Photoreduction of Carbon Dioxide to Methane Employing Benzimidazole-Linked Microporous Conjugated Polymers Anchored on Dendritic Fibrous Nanosilic

Capturing and transforming diluted CO₂ into energy-rich fuels is a notable and increasingly interesting challenge in renewable energy research. This study successfully developed an enhanced form of silicon oxide with a unique exterior level and a SiO₂/anatase phase interface. A base complex of Pd (II) and Cu (II) was created using a simple synthetic method, along with 3-chloropropyltriethoxysilane loaded on dendritic fibrous nanosilica (Cu-IL/DFNS and Pd-IL/DFNS). The use of DFNS provided numerous hydroxyl groups for the stable loading of Cu-IL and Pd-IL through chemical bonding interaction. Moreover, Cu-IL and Pd-IL were able to control the appropriate strand dimensions and offer active adsorption locations of metal groups, aiding in the chemical absorption of carbon dioxide. The DFNS composite’s topography and mesoporous structure remained consistent upon Cu-IL and Pd-IL loading, indicating the maintained crystalline form. The use of light-driven biomass valorisation has become a leading field for CO₂ to CH₄ photoreduction due to its sustainable characteristics. Photocatalytic CO₂ reduction is a highly beneficial method to counteract the negative impacts of greenhouse gases and achieve carbon neutrality. The construction of active sites with specific designs that exhibit increased activity and selectivity for photoreduction is a significant challenge.

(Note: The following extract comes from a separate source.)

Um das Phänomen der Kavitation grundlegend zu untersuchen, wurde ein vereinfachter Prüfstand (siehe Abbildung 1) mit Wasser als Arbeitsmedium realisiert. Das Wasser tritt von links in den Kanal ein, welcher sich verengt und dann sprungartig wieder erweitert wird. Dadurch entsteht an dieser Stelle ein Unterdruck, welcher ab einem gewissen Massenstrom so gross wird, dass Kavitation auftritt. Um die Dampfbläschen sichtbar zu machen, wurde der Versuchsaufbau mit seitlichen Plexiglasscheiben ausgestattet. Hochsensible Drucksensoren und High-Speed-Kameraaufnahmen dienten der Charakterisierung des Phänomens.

The reduction of carbon dioxide is crucial in today’s era of petroleum refineries. The present paper showcases the initial application of a reusable nanocatalyst with outer magnetism for the efficient and specific light reduction of CO₂ to CH₄ under eco-friendly circumstances that employ earth-friendly reduction, ambient pressure, cool thermal condition, and sustainable dehydration reactants in a shorter duration. This method extends substantial advantages, incorporating substantial financial return and acceptance of functional groups. This investigation emphasizes the possibility of integrating 3D nanoparticle architecture with eco-friendly chemical processes to create highly efficient catalytic reactions for the targeted light reduction of CO₂ to CH₄.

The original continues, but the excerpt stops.